Quand viendra l'heure du bilan (après un dénouement que j'espère proche), on aura, au choix : la désolation devant la haute trahison perpétrée méthodiquement par Sarko ("et sa clique..", comme dirait l'autre), ou le ridicule (tant NS se paye de mots, souvent).
Bref, rire ou pleurer.
Rédigé par: Ferdydurke | le samedi 29 mars 2008 à 18:12
Ferdydurke, vous dîtes: "Nos ennemis héréditaires... Ces perfides et fielleux espions, prêts à nous entraîner dans les pires bourbiers, et tellement heureux de se débarasser du seul Etat à même de les empêcher dans leur entreprise de dépolitisation de l'Union européenne."
Amusante l'image d'Epinal !
Remarquez, loi aussi j'avais lu çà dans la presse ! Mais on n'est pas obligé de répéter tout ce qu'on lit ou tout ce qu'on entend !
1° Les Anglais sont des amoureux transits de la France.
2° C'est par réaction contre notre indiférence, qu'il réagissent souvent négativement.

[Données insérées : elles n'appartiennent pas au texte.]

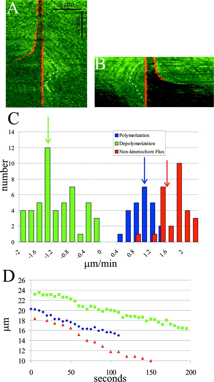 Figure 3. Confocal FSM of microtubule polymerization/ depolymerization at anaphase kinetochores. Time-lapse images were aligned so that a selected kinetochore was fixed in position relative to the rest of the spindle (see text). A and B are kymographs made from two different aligned spindles. Dotted white lines in each kymograph highlight speckle movements relative to the aligned kinetochores. In both examples, polymerization at the kinetochores slows as sisters begin to separate in anaphase (e.g., slopes of black lines in A become more vertical). When polymerization is slow enough, the kinetochore switches to depolymerization, where speckles are seen to move toward and disappear at the kinetochores. The kinetochore in A persists in depolymerization, whereas the kinetochore in B switches back to polymerization during the interval analyzed. (C) Histograms of velocities measured for polymerization and depolymerization at kinetochores and flux during anaphase. Arrows mark the average values. Depolymerization = 1.2 ± 0.6 μm/min (n = 27); polymerization = 0.9 ± 0.3 μm/min (n = 24 measurements); flux = 1.6 ± 0.4 μm/min (n = 27). We were unable to obtain values as chromosomes approached their poles because of the curvature of the kinetochore fibers. (D) Poleward movements of three kinetochores during the first two thirds of anaphase A. Notice that the kinetochores exhibit asynchronous periods of fast and slow movement. The average velocity over this period was 2.4 μm/min (n = 20 kinetochores from six spindles).

3° Les sondages montrent que le PEUPLE anglais ne croit pas que l'Angleterre fasse partie de l'Europe.
4° Il n'y a jamais eu d'Europe politique.
5° Il n'y aura plus JAMAIS d'Europe politique,car il aurait fallu la contruire à 6 ou 8 maximum.
A 27, seule une Ségolène doit encore y penser.
(Enfin "penser" pour Ségolène, c'est juste une façon de parler !).
Rédigé par: Ozenfant | le dimanche 30 mars 2008 à 17:28
@Ozenfant :
1-2, j'en sais rien.
3-5 : Tout à fait d'accord.
Pour la caricature sur les relations franco-brits, il y avait quand même un peu d'ironie de ma part.
Reste le problème : sans "Europe politique", où va-t-on faire de la politique ? J'ai pourtant l'impression que NS (parmi de nombreux autres) ne sait que renvoyer toute action au niveau de l'UE dès qu'un véritable problème politique se pose...
Rédigé par: Ferdi | le dimanche 30 mars 2008 à 21:10
Ah ah, mais tu ne sais pas tout : le serveur à catogan (le blond, c'est bien ça ?) est motard ; il roule sur une Kawasaki ZR-7 :
http://www.bikez.com/motorcycles/kawasaki_zr-7_2001.php .
Avec un flair remarquable, il avait donc repéré en toi l'ennemi de classe. Avec moi, il est très sympa. Faut dire que, ignorant alors qu'elle lui appartenait, j'avais rapporté au bar les clés de sa moto, qu'il gare sur le trottoir et avait oublié sur le contacteur.